The year Shaquille O'Neal played for the Cleveland Cavaliers (2009-10), he stopped into Michael Symon's Tremont restaurant "Lolita's" and asked for lasagna. Michael came out apologizing that it wasn't on that night's menu, and proceeded to offer suggestions. Shaq said "but I have a taste for lasagna". Michael then offered to make it from scratch, warning Shaq that it would take an hour or so to make. Shaq waited...and tweeted about being there and Michael taking good care of him. Granted he was a celebrity sports player, and Michael was already a celebrity chef, but it's still a sweet story - or would that be a saucy story...;)

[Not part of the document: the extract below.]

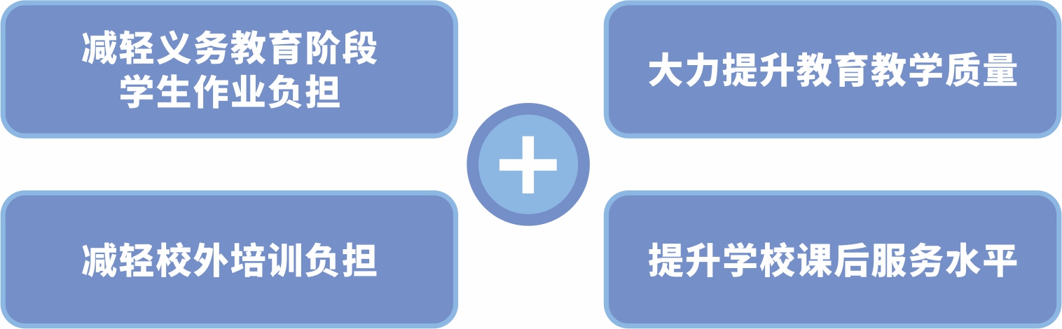 中共中央辦公廳、國務(wù)院辦公廳印發(fā)了《關(guān)于進(jìn)一步減輕義務(wù)教育階段學(xué)生作業(yè)負(fù)擔(dān)和校外培訓(xùn)負(fù)擔(dān)的意見》,旨在切實(shí)提升學(xué)校育人水平,持續(xù)規(guī)范校外培訓(xùn)(包括線上培訓(xùn)和線下培訓(xùn)),有效減輕義務(wù)教育階段學(xué)生過重作業(yè)負(fù)擔(dān)和校外培訓(xùn)負(fù)擔(dān)(簡稱“雙減”)。提出全面壓減作業(yè)總量和時(shí)長,減輕學(xué)生過重作業(yè)負(fù)擔(dān);提升學(xué)校課后服務(wù)水平,滿足學(xué)生多樣化需求;大力提升教育教學(xué)質(zhì)量,確保學(xué)生在校內(nèi)學(xué)足學(xué)好。

Then again, neither have to be famous for a pleasant dining experience. We stopped at a little restaurant in NW CT. When I ordered some fish dinner off the menu, the chef/owner pops up at our table. "I'm sorry, I'm out of that fish. We get enough only for the day. Can I suggest....?" We talked flavor profiles and my likes and dislikes, and he produced the best meal I had had in ages. I felt so special.
 
The video pretty well confirms my preference for the less sophisticated diners and single house restaurants I am happy to find again in Missouri..

I will admit that there are dishes in a few chains I enjoy for their sameness each time I order them..

Ross
 
That reminds me of another policy of our little pub up the street. The Saturday dinner special is prime rib, and Mark roasts a set amount based on what he typically can sell. If there is a particularly heavy demand, he will run out. People know this and I've never seen anyone threaten to never darken his door again over it. Just how it is.

The other benefit is that when he doesn't sell all of the prime rib for dinner on Saturday, the next Wednesday (they are closed Sunday-Tuesday) it's available as a lunch special for either a regular prime rib sandwich with fries or open faced sandwich with potatoes and gravy and vegetable, for as long as the meat holds out.